• **RECORDS SUPPLIED**
···

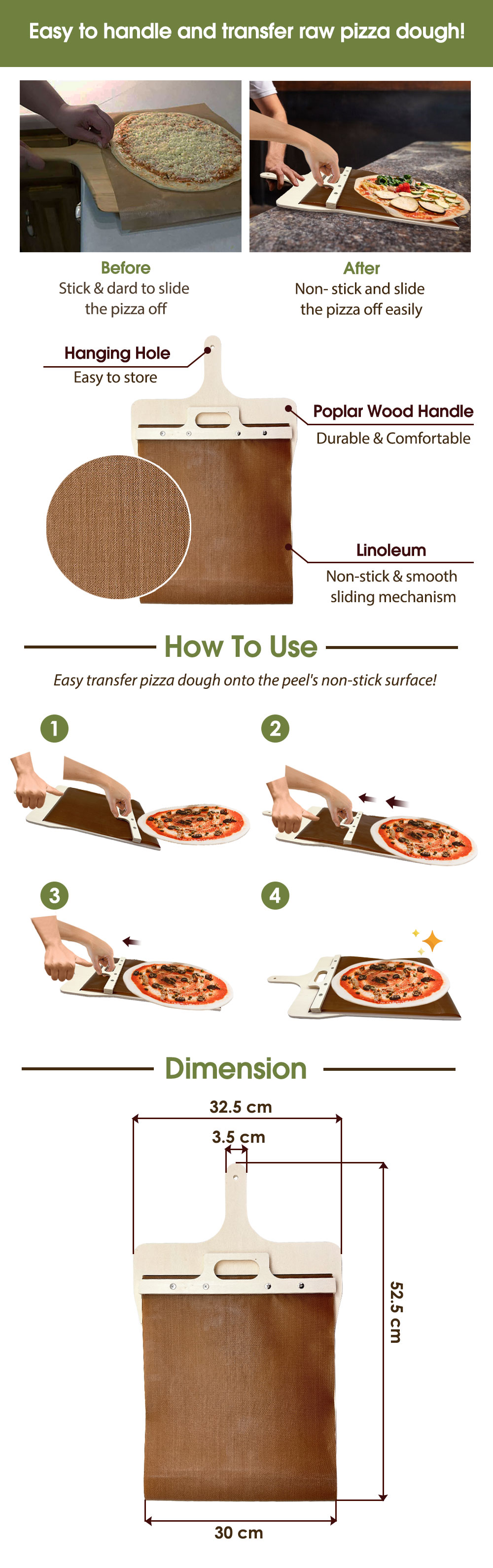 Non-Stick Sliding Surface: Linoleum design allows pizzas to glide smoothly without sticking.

···

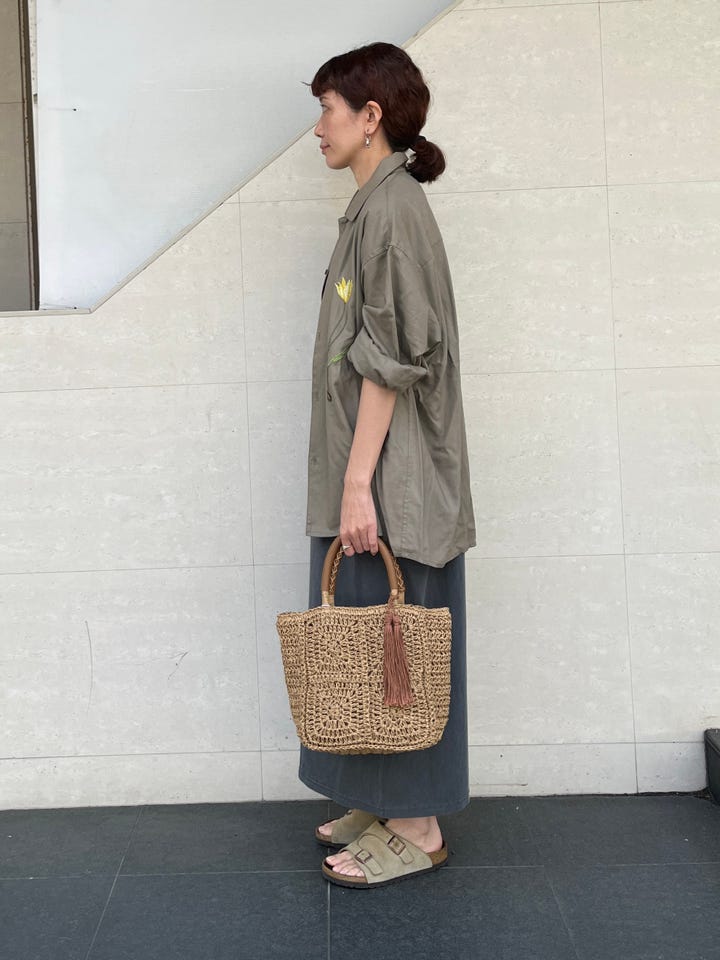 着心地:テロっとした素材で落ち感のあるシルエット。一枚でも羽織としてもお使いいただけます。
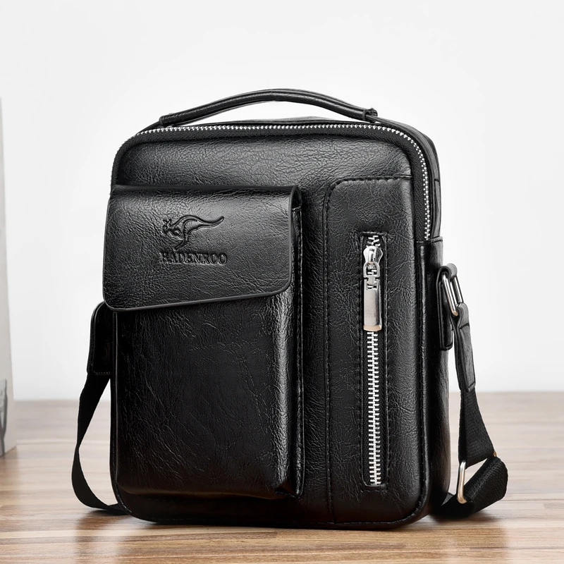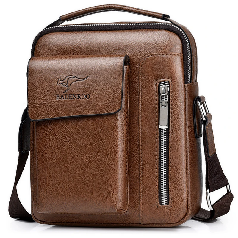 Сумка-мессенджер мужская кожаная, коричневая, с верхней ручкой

···

• **ASSIGNMENT**
Though the entries above contain pictures, none should be copied; reproduce only the lines between the one holding "着心地:テロっとした素材で落" and the one holding "Сумка-мессенджер мужская кожаная, коричневая, с", inclusive, exactly as written.

• **RESULT OF THIS EXERCISE**
 着心地:テロっとした素材で落ち感のあるシルエット。一枚でも羽織としてもお使いいただけます。
 Сумка-мессенджер мужская кожаная, коричневая, с верхней ручкой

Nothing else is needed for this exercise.